Supplied information:
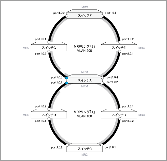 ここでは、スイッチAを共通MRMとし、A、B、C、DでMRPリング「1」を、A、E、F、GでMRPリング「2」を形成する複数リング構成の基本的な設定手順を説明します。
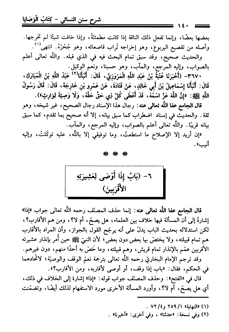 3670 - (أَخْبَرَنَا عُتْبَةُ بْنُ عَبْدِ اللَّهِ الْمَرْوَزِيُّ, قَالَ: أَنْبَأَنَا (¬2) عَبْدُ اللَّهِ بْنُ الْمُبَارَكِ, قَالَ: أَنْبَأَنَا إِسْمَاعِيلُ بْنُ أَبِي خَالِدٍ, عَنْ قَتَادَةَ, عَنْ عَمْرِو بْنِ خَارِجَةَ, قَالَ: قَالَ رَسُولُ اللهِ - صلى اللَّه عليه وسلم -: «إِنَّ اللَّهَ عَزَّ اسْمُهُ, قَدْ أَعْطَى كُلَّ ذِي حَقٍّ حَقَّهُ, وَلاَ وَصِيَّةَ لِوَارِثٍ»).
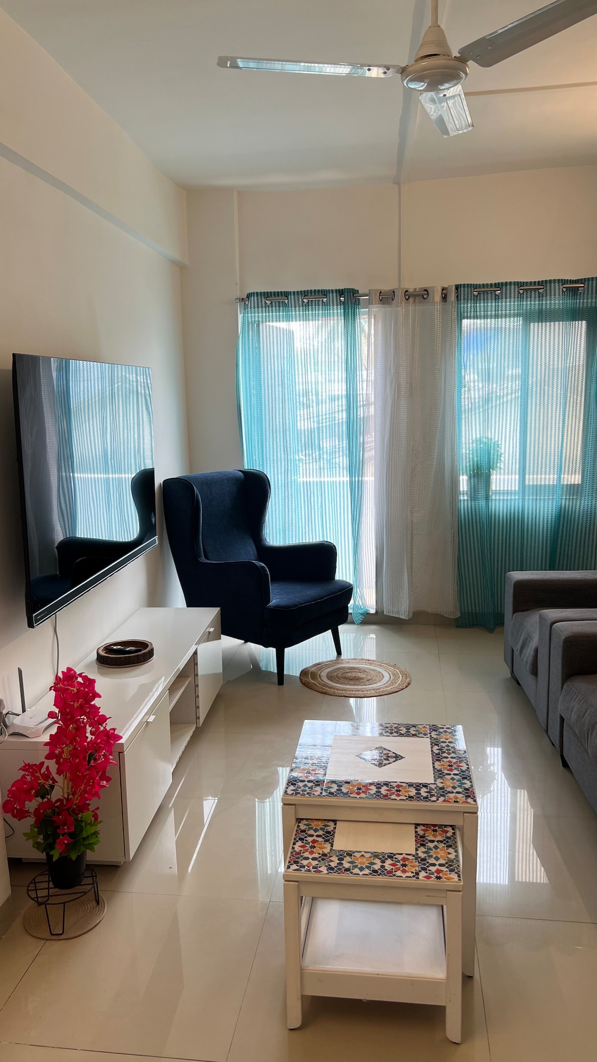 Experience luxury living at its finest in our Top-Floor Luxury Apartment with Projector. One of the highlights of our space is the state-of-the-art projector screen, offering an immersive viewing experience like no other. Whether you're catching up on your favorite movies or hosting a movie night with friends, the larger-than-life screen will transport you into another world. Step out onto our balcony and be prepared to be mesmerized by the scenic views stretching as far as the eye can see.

What you are asked to do:
Print the full listing above exactly. Pictures stay out of the copy.

Result below:
 ここでは、スイッチAを共通MRMとし、A、B、C、DでMRPリング「1」を、A、E、F、GでMRPリング「2」を形成する複数リング構成の基本的な設定手順を説明します。
 3670 - (أَخْبَرَنَا عُتْبَةُ بْنُ عَبْدِ اللَّهِ الْمَرْوَزِيُّ, قَالَ: أَنْبَأَنَا (¬2) عَبْدُ اللَّهِ بْنُ الْمُبَارَكِ, قَالَ: أَنْبَأَنَا إِسْمَاعِيلُ بْنُ أَبِي خَالِدٍ, عَنْ قَتَادَةَ, عَنْ عَمْرِو بْنِ خَارِجَةَ, قَالَ: قَالَ رَسُولُ اللهِ - صلى اللَّه عليه وسلم -: «إِنَّ اللَّهَ عَزَّ اسْمُهُ, قَدْ أَعْطَى كُلَّ ذِي حَقٍّ حَقَّهُ, وَلاَ وَصِيَّةَ لِوَارِثٍ»).
 Experience luxury living at its finest in our Top-Floor Luxury Apartment with Projector. One of the highlights of our space is the state-of-the-art projector screen, offering an immersive viewing experience like no other. Whether you're catching up on your favorite movies or hosting a movie night with friends, the larger-than-life screen will transport you into another world. Step out onto our balcony and be prepared to be mesmerized by the scenic views stretching as far as the eye can see.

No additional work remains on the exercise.